Religion is regarded by the common people as true, by the wise as false, and by rulers as useful.
One of the really depressing things about having been in the business for nigh on to 40 years now is that, along with the occasional new dumb idea, all the old dumb ideas keep coming back.
This is just a matter of being standards compliant, see #11 in http://www.faqs.org/rfcs/rfc1925.html.
It isn't exactly the same. nm works just with some compilers (or is it a gcc only utility?), and can't really extract all the type information, that isn't really there. Except may be in C++ decorated object code but I don't remember it now.
Also most C/C++ code doesn't make clear in a nm listing which aftifacts are public, a programmer has to extra steps to prevent this. nm is at least confusing when you want to get the public API of an object compared to other language tools that just do it.
I'm not an expert in nm, feel free to correct me if I'm wrong.
"I think this line is mostly filler"
First of all, "speed", either compilation-wise or runtime-wise, has nothing to do with why you should use header files.
I too disliked header files, long ago, in my early days of programming C. It seemed pointless, to have two files (or rarely, as many as four), when one would do just as well.
For small projects, I'll still use one large monolithic source file. In that aspect, it makes sense to skip breaking out your data and function definitions.
But when you get to the "real" world... Imagine even a "small" serious project, with perhaps 10k lines of code. Try to find a single function in that file - I hope you feel on good terms with your IDE's search capabilities!
So, break that out into a dozen files - You have your network code in one file, your UI code in another, your file I/O in another, perhaps some database interaction in another, and so on. Okay, that works well... But wait, your network code, your file I/O, and your database code, all make use of the same checksum algorithm! So, you have the same exact code duplicated three times.
That would work, because each file will compile to a module with its own namespace (in most languages). But it wastes space, both in the source and in the compiled code. It also wastes time and can very easily introduce bugs - For example, if you decide you need to switch from MD5 for SHA1 as your checksumming algorithm, you now need to change three places instead of one. If you miss one of those, but use them to compare results between the three different uses, you have a very serious bug that may drive you batty trying to track it down.

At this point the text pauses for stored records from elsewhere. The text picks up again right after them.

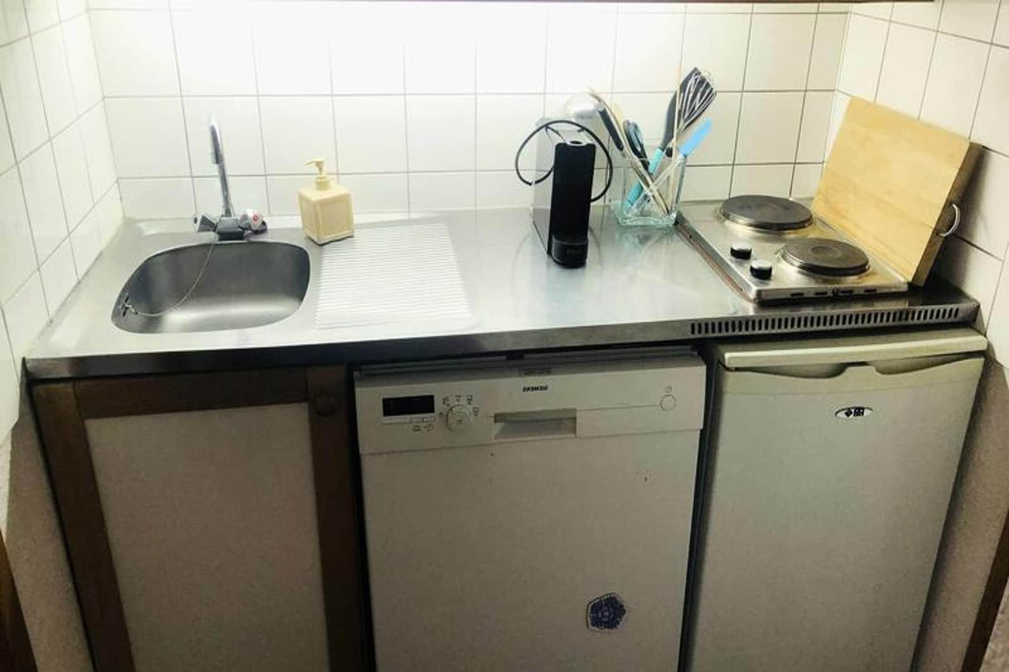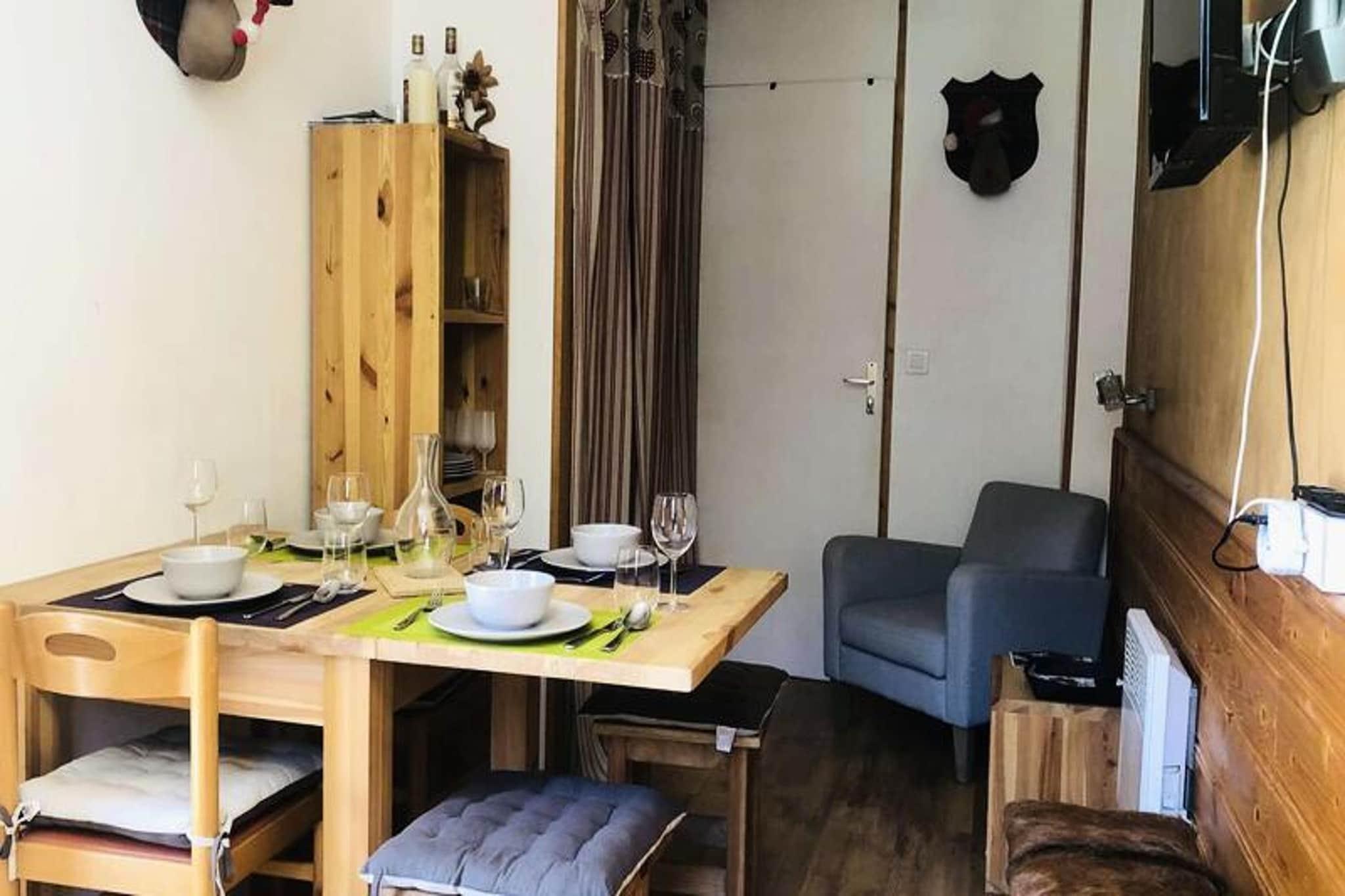 This 2-room apartment is ideal for up to 4 guests, featuring a living room with a sofa that converts into a pull-out bed and a separate bedroom with a comfortable 140 cm double bed. The apartment is non-smoking and does not allow pets. A TV is provided for entertainment, and heating ensures a cozy atmosphere throughout your stay. Duvets are provided for all beds, ensuring a restful sleep after a day of outdoor activities. Located in the hamlet of La Forêt, this apartment offers convenient proximity to skiing activities and local amenities. It is just a 5-minute walk to the ESF Planchamp lessons and the Piou Piou club, making it an excellent choice for families and beginners. Shops are only 6 minutes away, ensuring easy access to any necessities. The apartment is ski-in/ski-out, offering direct access to the slopes for a seamless ski experience. The apartment is equipped with a well-stocked kitchenette, including a fridge, dishwasher, 2 electric hotplates, a mini oven, and a Nespresso coffee machine. It also offers additional kitchen amenities such as a coffee maker, toaster, and appliances for a raclette and fondue. The bathroom is complemented by a separate toilet, while the private terrace provides a lovely outdoor space furnished with a table and chairs, perfect for enjoying the mountain air.
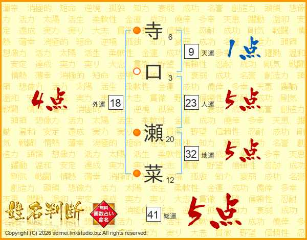 寺口瀬菜さんの総運は41画の5点!
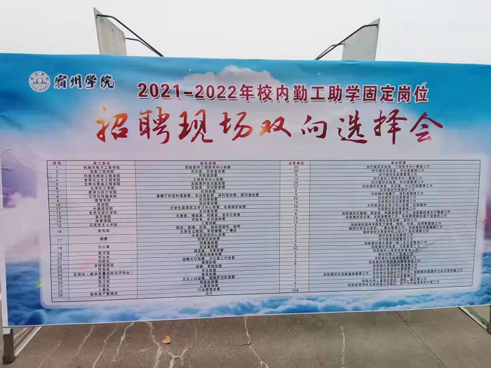 据统计,本次双选会共吸引全校1000多名同学参与,活动受到了广大同学和校内用工单位的一致好评,取得了圆满成功。下一步,学工部将组织用工单位与学生签订《宿州学院校内勤工助学协议书》,进一步规范校内勤工助学管理,推动我校学生勤工助学工作健康有序开展。

So, the obvious solution, break out all your common functions into a toolkit-like source file. Now, you could just #include that in every other file that needs it, but WOW would that cause some serious bloat in the compiled code - In my experience, shared code files frequently end up as the single largest source file in the entire project.
So, use a header file. That way, you don't end up with massive duplication of code, you have the advantage of a logical breakout of your code into similar-purpose files, and you can still make changes to only one file to modify one function.
Incidentally, the above chain of thinking more-or-less describes the evolution of standard libraries... Would your professor actually suggest that you shouldn't "#include<stdio.h>", but instead should manually pull the code for each function you use into your source file? Because, in the degenerative case, he has told you exactly that.
Well, nm is from binutils. It's certainly not gcc only --- it can read various object file formats. Anyway, surely you are only interested in those that your linker, ld, can actually read.
It is true that nm is faithful to the object code, in that "private" artifacts and type info in C (C++ has them, as you suspect, encoded into the name, much like Java) are listed. This reflect the fact that nothing prevents you from modifying a header file to use a private artifact --- it's a compiler thing, not a linker. I'm not famliar enough with Java to know if accessibility is enforced down at the runtime level. It seems a counter-constructive thing to do, but maybe there is something about Java that forces this to be so.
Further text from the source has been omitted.